By enabling adaptive verifiable environments and multi-turn compilation feedback loops, Slime provides the strong, high-throughput foundation needed to transition AI from simple chat interactions toward rigorous, long-horizon systems engineering.

To keep deployment manageable, GLM-5 integrates DeepSeek Sparse Attention (DSA), preserving 200K reference capacity while significantly reducing costs.

end-to-end knowledge work

ZAI is preparing GLM-5 as a "Office" Tools for the AGI era. Whereas previous models focused on snippets, GLM-5 is designed to deliver ready-to-use documents.

It can automatically convert documents ranging from financial reports to sponsorship proposals into formatted .docx, .pdf, and .xlsx files.

In practice, this means that the model can decompose high-level goals into actionable subtasks and perform "agent engineering," Where humans define the quality gateways while AI handles the execution.

high performance

According to Artificial Intelligence, GLM-5’s benchmarks make it the world’s new most powerful open source model, surpassing Chinese rival Moonshot’s new KM K2.5 released two weeks ago, suggesting that Chinese AI companies are nearly caught up with better-resourced proprietary Western rivals.

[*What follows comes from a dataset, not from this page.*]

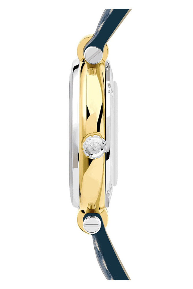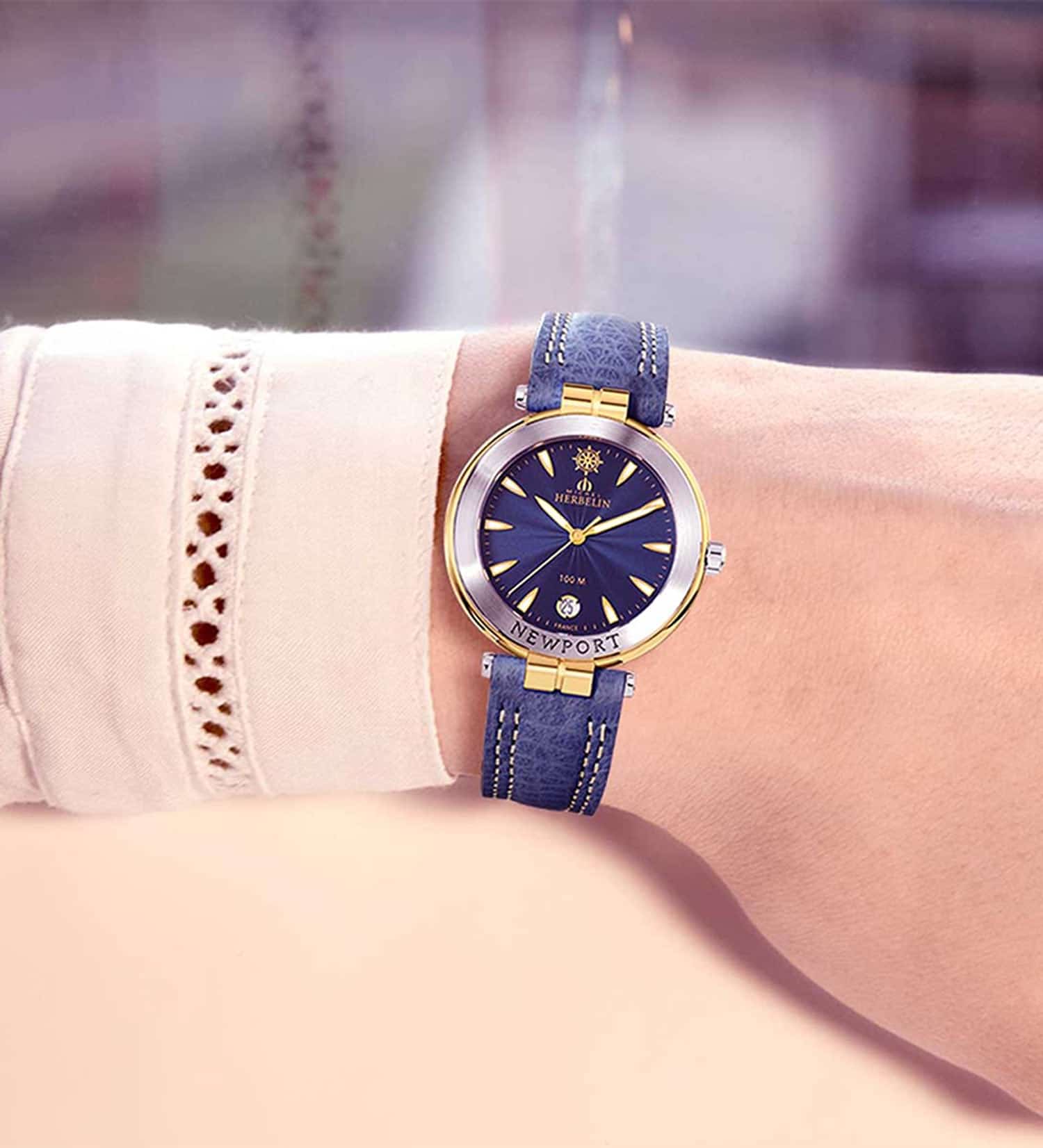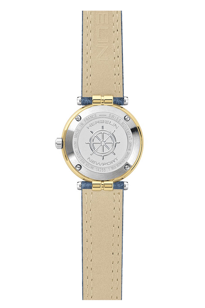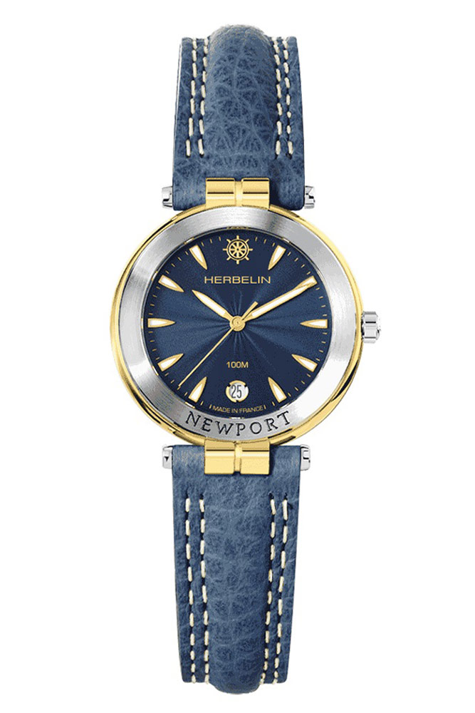 Francouzská značka Herbelin představuje model dámských hodinek z námořní kolekce Newport Originals. Hodinky Newport Originals 14255T35, obdařené silnou osobností, jsou inspirovány průzory transatlantických lodí. Kulaté pouzdro je vyrobeno z nerezové oceli ve dvou barvách. Zepředu je vidět stříbrná luneta, která je na pozlacenou část aplikována metodou PVD. Pozoruhodnou krajku zdobí krásný gravírovaný volant. Pod tvrdým a těžko poškrábatelným safírovým sklíčkem se nachází modrý lesklý ciferník. Číselník obsahuje lineární indexy ve tvaru lodi, ostré ručky s luminiscenční hmotou a kulaté datumové okénko na pozici šest hodin. Zajímavým doplňkem ciferníku je krásný volant umístěný na pozici dvanácti hodin. K dvoubarevným výstupkům pouzdra je připevněn kožený řemínek. Řemínek je modrý s jasným prošíváním a má tradiční zapínání na přezku.

According to z.ai’s own materials shared today, GLM-5 is close to the state-of-the-art on several key benchmarks:

SWE-Bench Verified: The GLM-5 achieved a score of 77.8, outperforming the Gemini 3 Pro (76.2) and coming close to the Cloud Opus 4.6 (80.9).

Vending Bench 2: In the simulation of running a business, GLM-5 ranked #1 among open-source models with a final balance of $4,432.12.

Beyond performance, the GLM-5 is aggressively cutting into the market. Live on OpenRouter as of February 11, 2026, it is priced at approximately $0.80-$1.00 per million input tokens and $2.56-$3.20 per million output tokens. It falls in the mid-range compared to other leading LLMs, but based on its top-tier benchmarking performance, one can call it "steal."

Sample

Input (per 1M token)

Output(per 1M token)

Total Cost (1M in + 1M out)

Source

quen 3 turbo

$0.05

$0.20

$0.25

alibaba cloud

grok 4.1 fast (logic)

$0.20

$0.50

$0.70

xai

grok 4.1 fast (non-argument)

$0.20

$0.50

$0.70

xai

DeepSeek-Chat (V3.2-Exp)

$0.28

$0.42

$0.70

deepseek

DeepSeek-Reasoner (V3.2-Exp)

$0.28

$0.42

$0.70

deepseek

gemini 3 flash preview

$0.50

$3.00

$3.50

Google

km-k2.5

$0.60

$3.00

$3.60

moon

GLM-5

$1.00

$3.20

$4.20

Z.ai

Ernie 5.0

$0.85

$3.40

$4.25

qianfan

cloud haiku 4.5

$1.00

$5.00

$6.00

anthropic

quen3-max (2026-01-23)

$1.20

$6.00

$7.20

alibaba cloud

Gemini 3 Pro (≤200K)

$2.00

$12.00

$14.00

Google

GPT-5.2

$1.75

$14.00

$15.75

OpenAI

cloud sonnet 4.5

$3.00

$15.00

$18.00

anthropic

Gemini 3 Pro (>200K)

$4.00

$18.00

$22.00

Google

cloud opus 4.6

$5.00

$25.00

$30.00

anthropic

GPT-5.2 Pro

$21.00

$168.00

$189.00

OpenAI

This is about 6 times cheaper on input and about 10 times cheaper on output than Cloud Opus 4.6 ($5/$25). This release confirms rumors that Zipu AI was behind it "pony alpha," A stealth model that previously crushed coding benchmarks on OpenRouter.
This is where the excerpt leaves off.